Other News on Medical Ethics
Netherlands wants to grow human embryos for ‘limited’ research (PhysOrg): The Dutch Health Minister “wants to allow the creation of embryos for scientific research—and under very strict conditions to give people the possibility of (healthy) children.” She wants to extend the “14-day rule” for maintaining a human embryo in a petri dish; it’s too limiting. “Until now the ban on the cultivation of embryos have hampered research which could help with the treatment of diseases on the short to medium-long term.” It always starts with good intentions.
Synthetic human genome: We’ve read the human genome. Now, should we write it? “Plan to synthesize human genome triggers mixed response,” Ewen Callaway writes in Nature. “Some admire project’s ambition; others say that it hasn’t justified its aims.” So what are its aims? “We’re not trying to make an army of clones or start a new era of eugenics,” says Jef Boeke, a synthetic geneticist from New York University. “That is not the plan” — at least for now, so they always say. But could it become an ancillary spin-off? Many became suspicious over a private meeting to discuss a “Human Genome Project – Write” concept. “Did Harvard Scientists Secretly Discuss Making a Human from Scratch?” Jeff Bessen wrote for Live Science. Even though he concludes the press coverage was misleading, he agrees that “When ethically fraught science is discussed behind closed doors, people get suspicious.”
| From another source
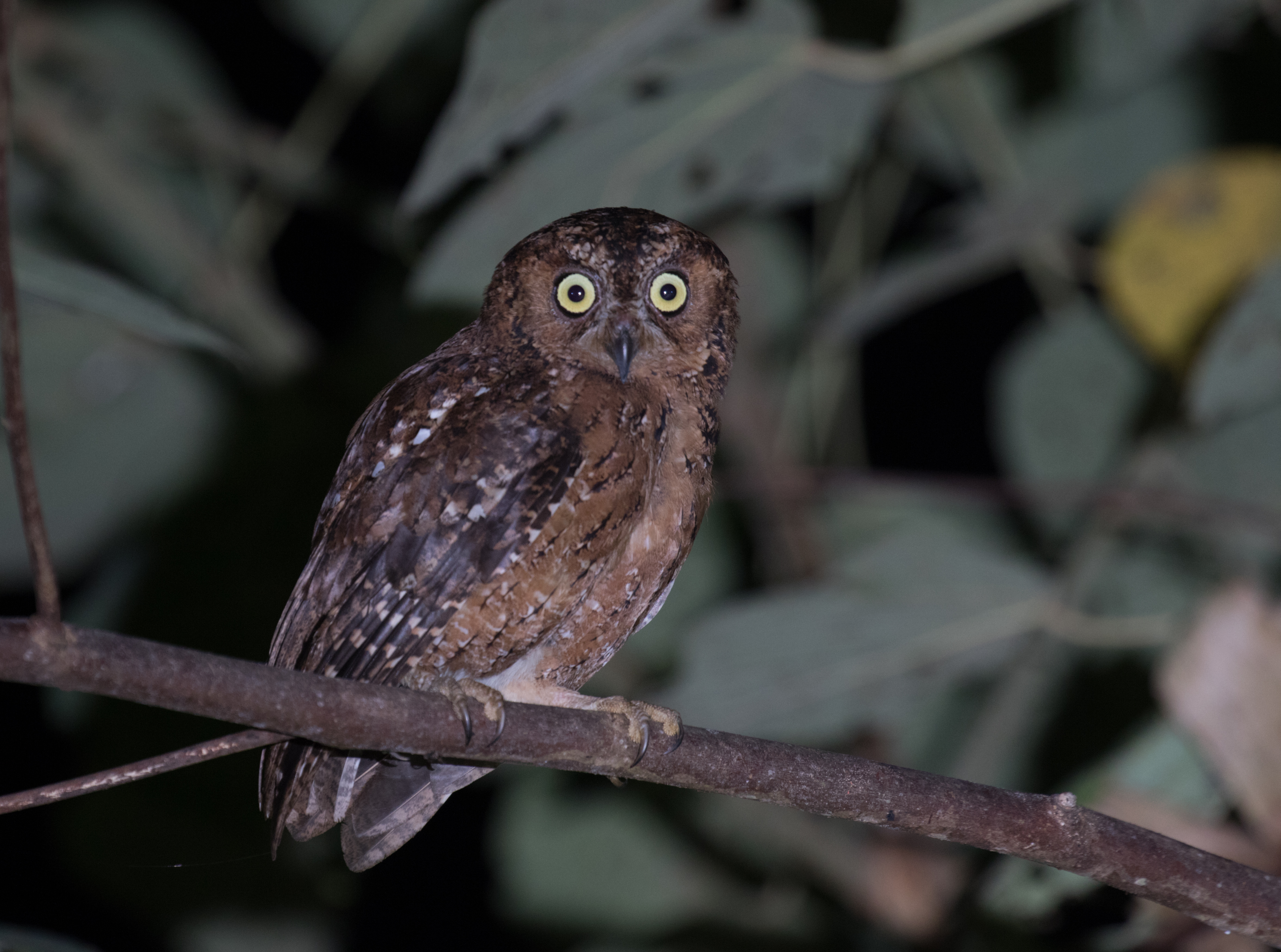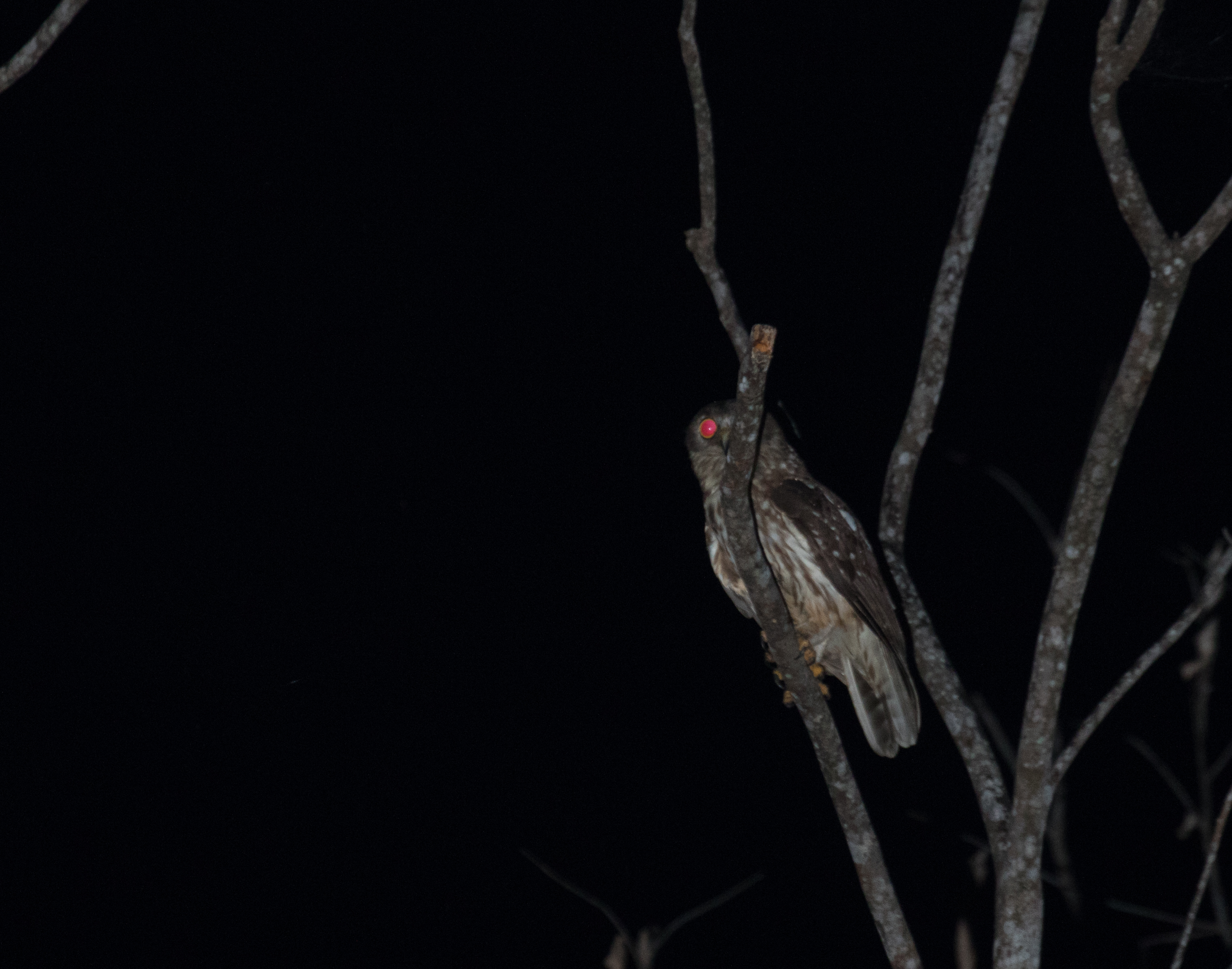 We headed back to camp and enjoyed a lovely dinner of white rice and ramen noodles. Eating healthy for sure! We decided to finish off the night with a little bit of owling and had excellent views of two Barking Owls perched in a tree (although, the photos were a bit subpar!). The Moluccan Scops-owl subspecies remained a heard-only for the night. We were exhausted when we finally went to bed that night since in total we had walked over 20km for the day with elevation gains of over 1000m. Definitely a bit more than we bargained for. We set up our trusty tent and had a few funny looks from our guides as they likely wondered why we needed such a monstrosity. They slept on nothing more than a bed of leaves under a tarp. I assume they thought we were “soft” Americans and have no idea how to “rough it”. I definitely didn’t show them the blow-up air mattress and sleeping bag that I had brought along with me to make my sleep more enjoyable. I slept like a baby while our guides were up half the night from the cold and had to build a fire. Nothing they weren’t used to doing before I’m sure. Ross woke up well before dawn determined to see and photograph that darn scops-owl so he could continue to say he hadn’t dipped a subspecies of it yet. Determination paid off and just before dawn he had a very responsive Moluccan Scops-owl, complete with pictures, sitting in a tree.

CRISPR views of embryos and cells (Science Magazine): Work is proceeding on embryos—zebrafish embryos. As reported last year (6/05/15), the CRISPR gene editing technique brings a host of ethical issues in its train as researchers consider ways to apply it to humans.
Three-person embryos may fail to vanquish mutant mitochondria (Nature): Last month, Ewen Callaway reported that a proposed method to use a donor’s genes to fix mitochondrial mutations in a human embryo has backfired. Ethicists had been concerned about the method leading to “designer babies” and a new round of eugenics.
Brain scans reveal hidden consciousness in patients (Medical Xpress). More progress has been made identifying whether patients classified as vegetative actually are conscious and aware. Though unable to respond outwardly, some have hidden signs of awareness that new brain scans are able to detect.
Everything that needs doing in medicine can be done without taking another life. It’s immoral to kill someone for the sake of letting another live. Cross that line, and terrible trends can begin. It becomes OK to kill an unborn baby “for the life of the mother” initially. Then, “for the health of the mother.” Health is redefined to include mental health, then depression, or just inconvenience. Result: death of the baby for any reason whatsoever, all the way to the moment of birth. If a human being doesn’t begin at conception, when all the genes for progress to adulthood are together, when does it begin? Well, it begins when the cell divides. Then it begins at the fourth cell division. Then it begins in 14 days. Then that cut-off date becomes inconvenient. On and on it goes. We must not tolerate that first deadly decision.
Exercise: Discuss the ethics of the “human-on-a-chip” project announced by Medical Xpress going on at Lawrence Livermore.